Requires-Dist: plotly>=5.0; extra == "web"
Provides-Extra: dev
Requires-Dist: pytest>=8.0; extra == "dev"
Requires-Dist: pytest-asyncio>=0.23; extra == "dev"
Requires-Dist: pytest-cov>=5.0; extra == "dev"
Provides-Extra: all
Requires-Dist: llmreplay[anthropic,dev,gemini,grok,langchain,openai,s3,web]; extra == "all"

# llmreplay

Deterministic replay debugger for LLM agents.
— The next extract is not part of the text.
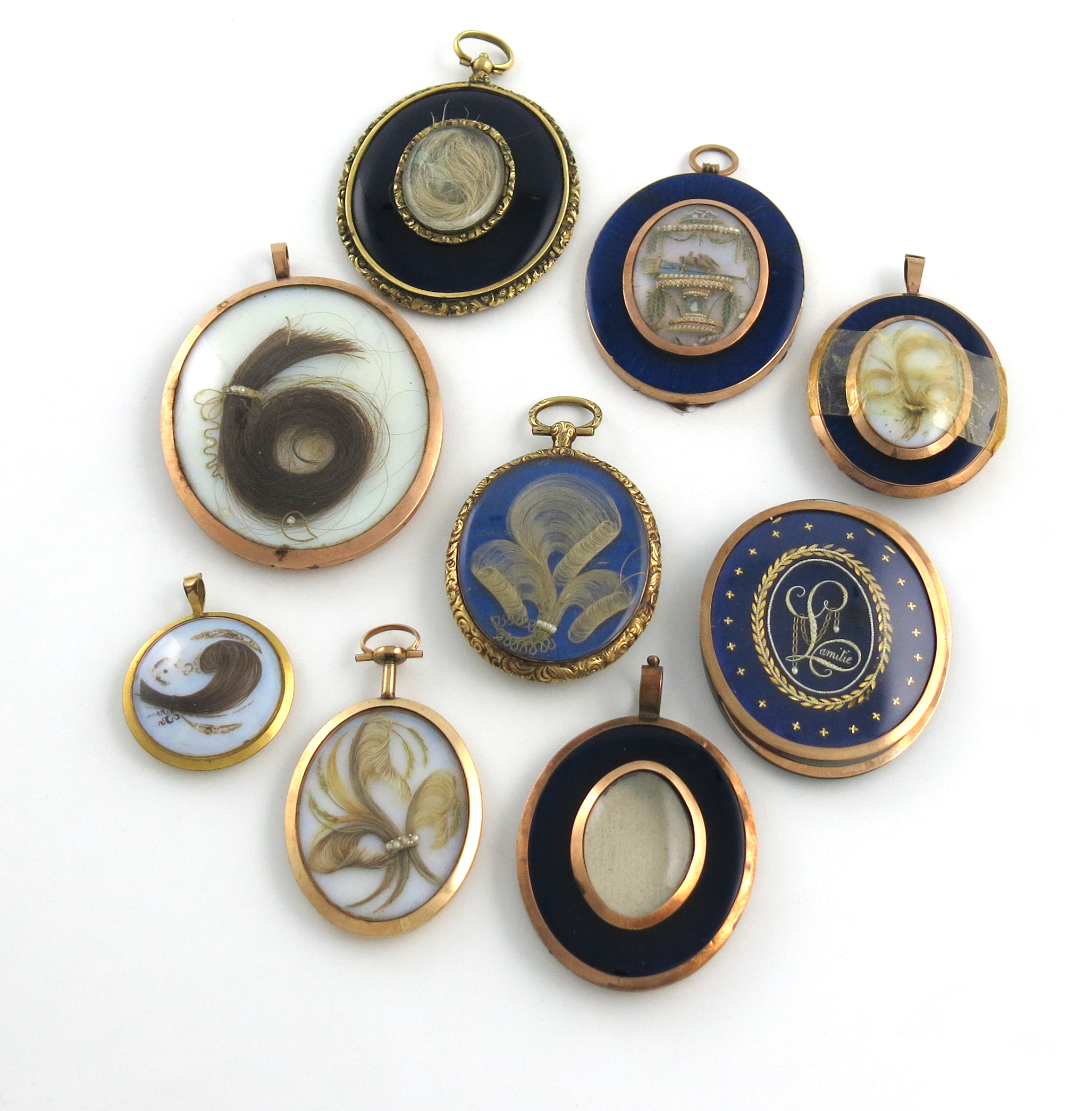 oval form, some with enamel, lockets of hair, and seed pearl decoration, with loop attachments. (9)

Records LLM calls and tool executions to SQLite, replays from the log with no network calls.

```python
from llmreplay import record, replay

# Record
with record("my_run", seed=42):
    response = client.chat.completions.create(...)

# Replay — zero network calls
session = replay("my_run")
for event in session.events():
    print(event.step, event.kind, event.payload)
```

## Install

```bash
pip install llmreplay
```

Requirements: Python >= 3.10

## What gets recorded

- LLM requests/responses (OpenAI, Anthropic, Grok/xAI, Gemini)
- Tool calls/results (via `@record_tool` decorator)
- Random seeds (Python `random`, numpy)
- Exceptions

Events are stored in `~/.llmreplay/<run_id>.db`.

## CLI

```bash
llmreplay list                    # List recorded runs
llmreplay view my_run             # Show all events
llmreplay view my_run --step 42   # Jump to step
llmreplay cost my_run             # Cost breakdown
llmreplay export my_run --json    # Export bug report
llmreplay web my_run              # Launch timeline UI
```

## Features

**Auto-instrumentation** — OpenAI, Anthropic, Grok, Gemini, LangChain hooks install automatically within `record()` context.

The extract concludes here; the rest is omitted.